85 Starcross (for Exmouth)

The Exmouth Branch exploration finishes at the Great Western’s “station” at the dock. Here the scout journeys on the other “branch” to Exmouth.

The ferry used to work in conjunction with the trains and there was through ticketing. Parcels traffic was also carried this way. But the crossing has been an entirely independent operation for many years and now only runs between April and October.

Passengers continuing by train to Exmouth have a 20 mile journey which can take nearly an hour.
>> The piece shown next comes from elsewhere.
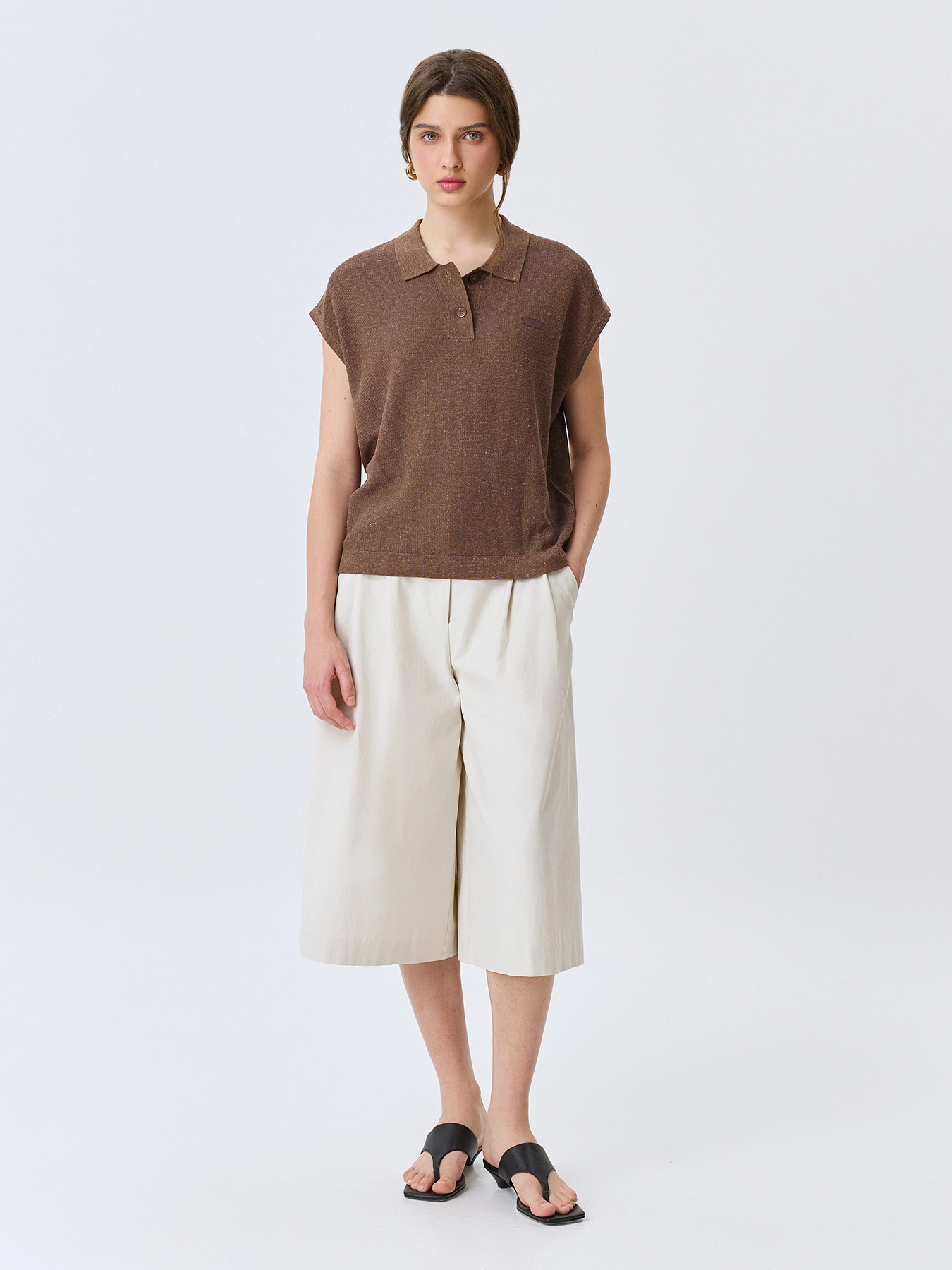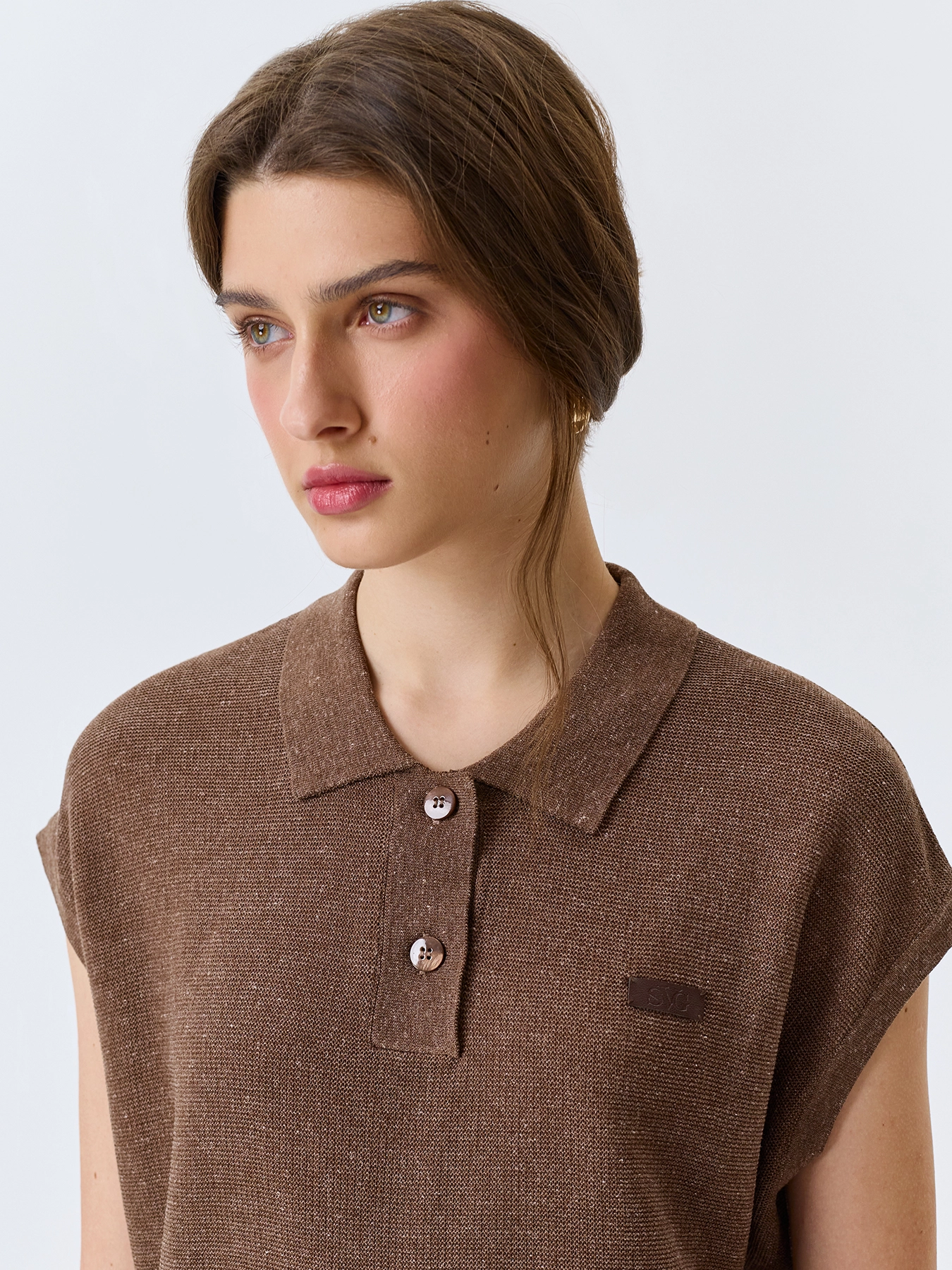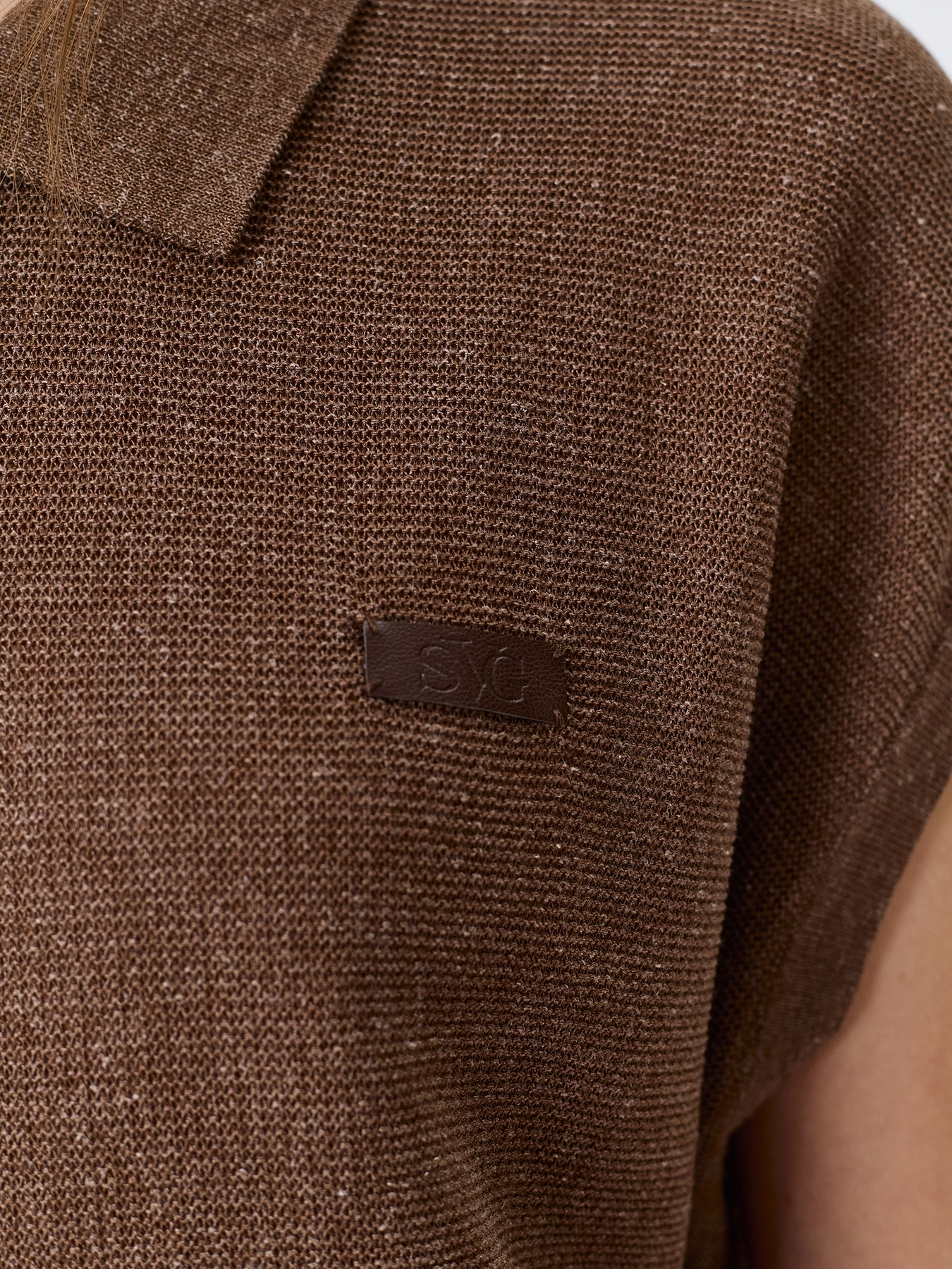 Вязаное поло из пряжи с лиоцеллем и льном. Свободный силуэт. Отложной воротник-поло на пуговицах. Короткие цельнокроенные рукава. Спущенная линия плеч. Деликатный декор из эко кожи.

The pier is reached from the end of the Down platform. The ramp was not fenced when the scout last came this way and he was always struck by how close the path was to the line. He was sure that this installation had been “risk assessed,” but wondered what would happen if a disobedient child or dog were to go the wrong side of the fence as a train was approaching. He will expect to see an anti-trespass panel installed.
Starcross Box once stood on this plinth. The bridge gives access to a slipway. If there is time, the scout will sit on a wall here and eat his lunch. He was about to do so on this occasion when he saw the ferry approaching, so decided to eat his sandwich on board.
The skipper told the scout that “cash only” was only because the card reader was not working; the scout had hoped that it was a principled stand.
A signalman who had worked at Starcross during the war told the scout that the Home Guard patrolled the pier after dark. To wind up a particularly nervous member, the others concealed themselves in boats one night and when the poor fellow came along, they all started tugging on the mooring ropes, which set him off back to the station crying: “They’re coming! They’re coming!” Or so the story went.
For a while in the 1980s, the atmospheric pumping station had been a museum dedicated to the ill-fated propulsion system, complete with a demonstration track sponsored by Hoover, one of whose upright cleaners powered the trolley on which a visitor could sit. Unfortunately, the museum was not popular and soon closed. The scout remembers being the only visitor one Sunday afternoon. He was taken up the stairs inside the chimney to take the view. The chimney had long ago been reduced in height because of subsidence.
Fares are not cheap but it should be regarded as a pleasure trip, not as public transport. This is an old ticket; the crossing cost the scout £7 on this occasion.

The scout had caught the train from Marsh Barton to Dawlish, toured the works there and at Parson’s Tunnel, found the top of the little-known private path from Woodland Avenue and caught the train from Teignmouth to Starcross. He was now ravenous and went to sit in one of the shelters on the front to eat his lunch.

The swing bridge can be seen in this 1947 view, but the lock gates have gone. The scout remembers as a child walking with his parents along the rows of shanties on Shelley Beach.